NEW YORK – SomaLogic plans to grow its business by introducing several new data products — including a way to help quantify noise introduced by sample collection and transport — and by licensing its protein-based diagnostic assets.
Company officials announced the plans in a Thursday call with investors following the release of the firm's first quarter financial results, in which SomaLogic reported 22 percent revenue growth year over year.
"We've had a number of opportunities come across the transom to us for both licensing and codevelopment," CEO Roy Smythe said on the call. "So there are a number of those active conversations right now. And again, this is without us actually doing serious business development on the side of diagnostics, which again, I take as a really good sign."
Licensing and test codevelopment deals for existing diagnostic assets would help provide a "substantial moat for our clinical products," he added. Though company officials did not disclose any information about who they're in conversation with, they said they expect some deals to be consummated this year. The company has also hired a licensing executive.
The sample quality data product is meant to be an accessory to the SomaScan aptamer-based proteomics assay. It will also provide information on which biological pathways have been activated and drug targets present in the sample.
"This is the first in a planned number of many data products that we have in development to place alongside SomaScan," Smythe said.
The firm also spoke about interactions with the US Food and Drug Administration related to efforts to get the SomaSignal assay for risk of cardiovascular events into clinical trials.
Wall Street responded favorably to the Boulder, Colorado-based company's results. In Friday trading on the Nasdaq, shares of SomaLogic were up 27 percent at $5.80. The company showed "solid execution," Canaccord Genuity Analyst Kyle Mikson wrote in a note to investors, though he lowered the price target to $15 from $19.
"We suspect supply chain issues could have held back revenues," Cowen Analyst Dan Brennan wrote in a note to investors, "as customers were unable to ship samples to SomaLogic's Colorado lab in a timely fashion."
Smythe said the company has seen "unpredictability" in sample delivery, which may continue throughout the year. The firm itself has not seen supply chain or shipping disruptions, he said, but some customers have, resulting in unevenness in the number of samples processed from quarter to quarter.
Shipping of samples is one of the driving factors in launching the data product for sample quality.
"When I joined SomaLogic 12 years ago, the first experiment that we'd ever done was in lung cancer, and it turned out that the biggest effect in the samples we had was the difference between [those from] New York University and the University of Pittsburgh," SomaLogic Chief Medical Officer Stephen Williams said. "And it really all arises because when blood is a living tissue, and when you leave it out on the bench, the cells start to leak their products or their intracellular proteins, platelets get activated, complement gets activated."

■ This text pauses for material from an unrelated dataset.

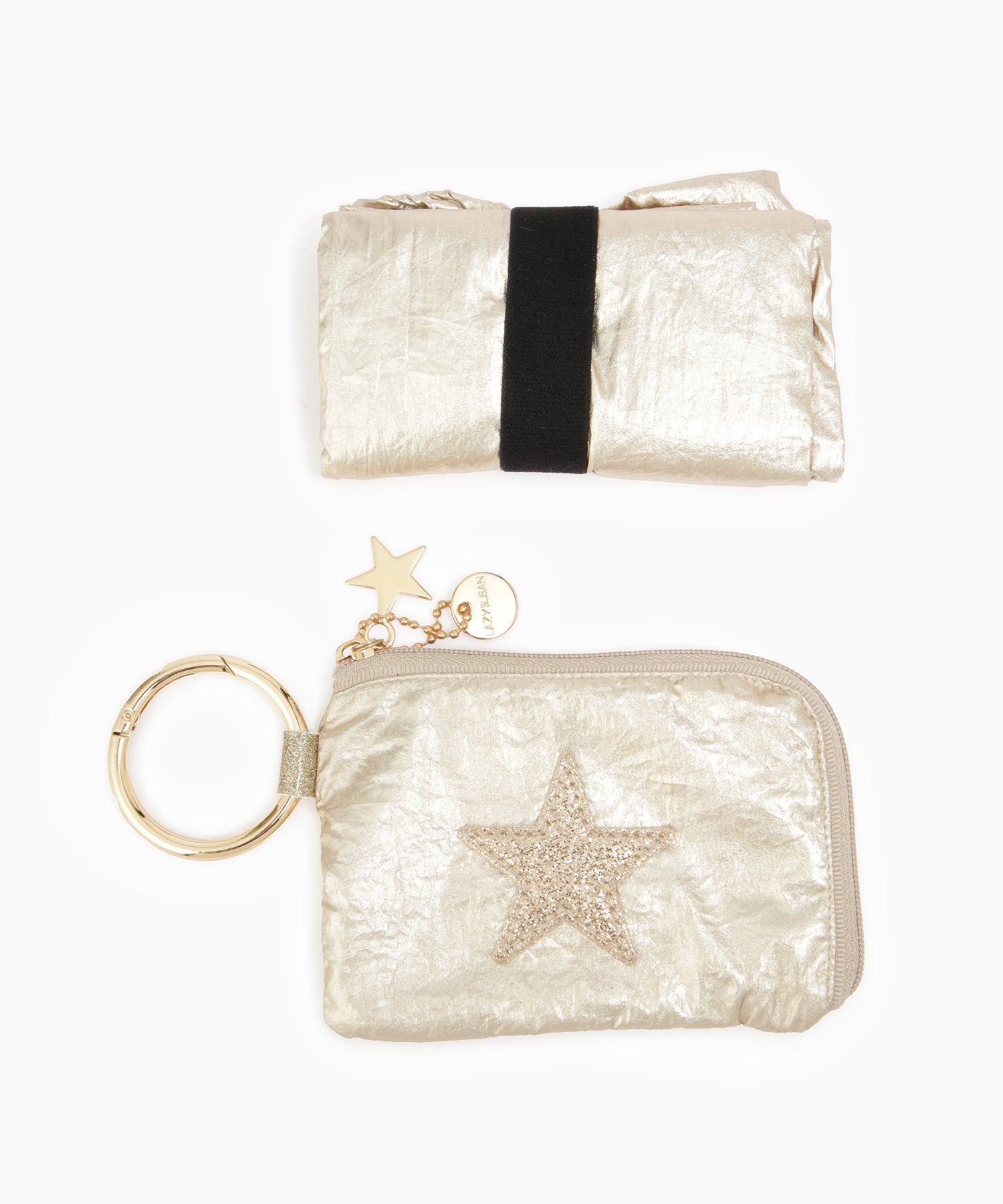 The storage bag with the sparkling star features a carabiner clip, so you can attach it to your bag and carry it anywhere.

He described this variation as "pre-analytic issues," which the company has studied and developed models "for each of the ways that blood might have been abused."

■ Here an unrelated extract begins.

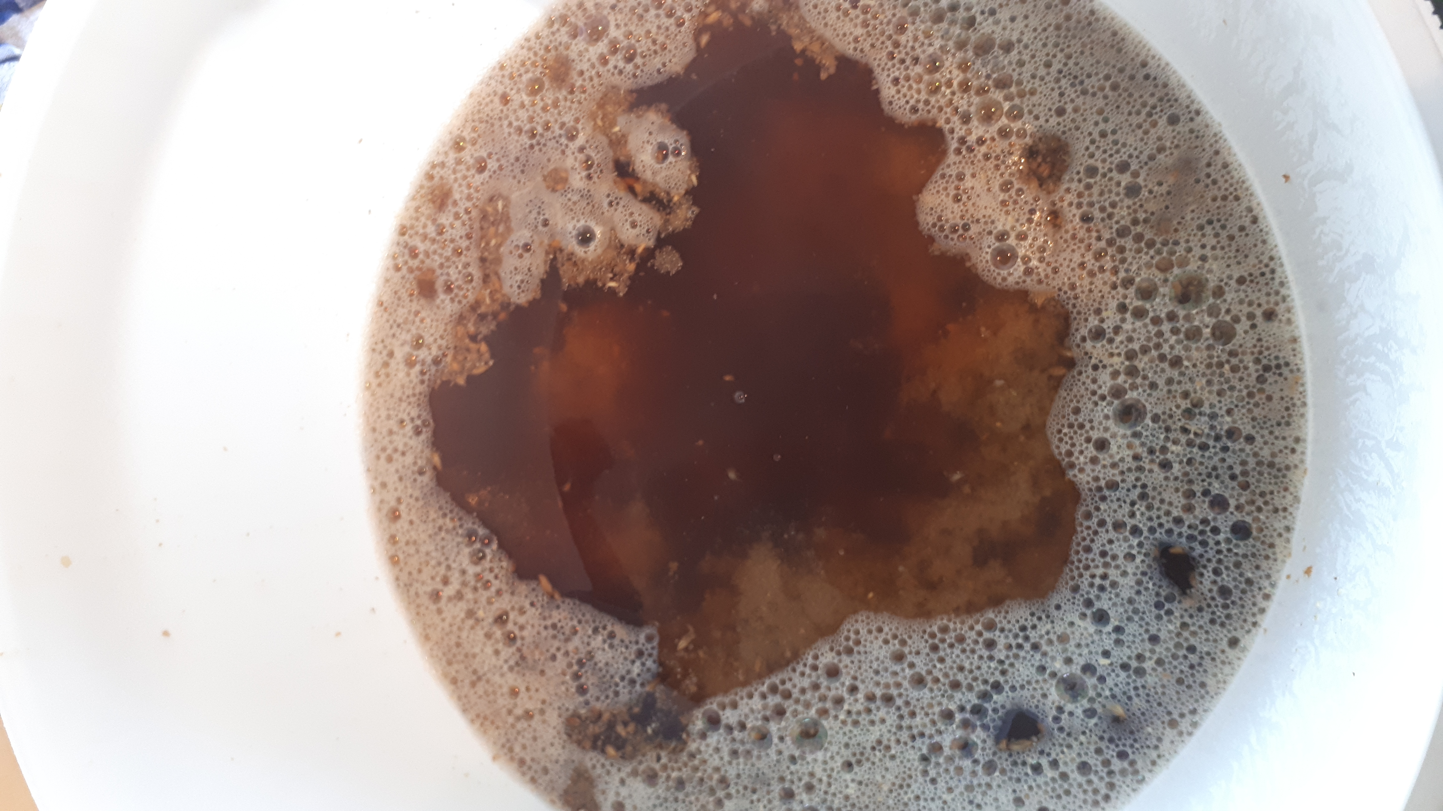 Um den Unterschied zwischen "Jod Negativ" und "Jod Positiv" zu sehen habe ich einmal kurz nach dem Einmaischen eine Probe gezogen:

"I like to think of these pre-analytic variability models effectively as a criminal record for each sample," he said. "You can eliminate the worst samples, or you could choose to use proteins which are immune to those effects." Researchers running multicenter clinical trials may be among those beneficiaries of such data. "I think these are really important; they add a lot of statistical power and interpretability to your results," he said.
SomaLogic officials also touted the potential for its SomaSignal assay, the subject of a paper published in Science Translational Medicine last month. The 27-protein assay stratifies the risk of events related to cardiovascular disease, such as heart attack, up to four years in advance.
"The ability to accurately predict these events and sensitivity to change meets key requirements for a surrogate endpoint for clinical trials use," Smythe said. The company has also been interacting with FDA, but hasn't officially declared how it plans to address regulatory approval.
"As far as FDA requirements to use a test like this in clinical trials, it varies depending on how you're using it," Smythe said. "So a test like this can be used as a research-use only test. If you're looking back at data but if you're looking prospectively at data, there are FDA requirements, potentially, depending on which phase of trial you're working on. We are engaged with FDA currently on these questions."
"We've been very aligned with their requirements for the use of a test like this as a surrogate endpoint in drug development, and ultimately, if that's successful, it would enable accelerated approval of breakthrough drugs in cardiovascular and the assessment of safety for non-cardiovascular drugs for cardiovascular safety," Williams said.
The company presented data to the Cardiovascular Clinical Trialists Forum, an annual meeting, in a session attended by the FDA, "and we're presenting [to] them again at a workshop sponsored by the foundation of the National Institutes of Health later this month," Williams said.
Smythe said that preliminary findings from this initiative are expected later this year.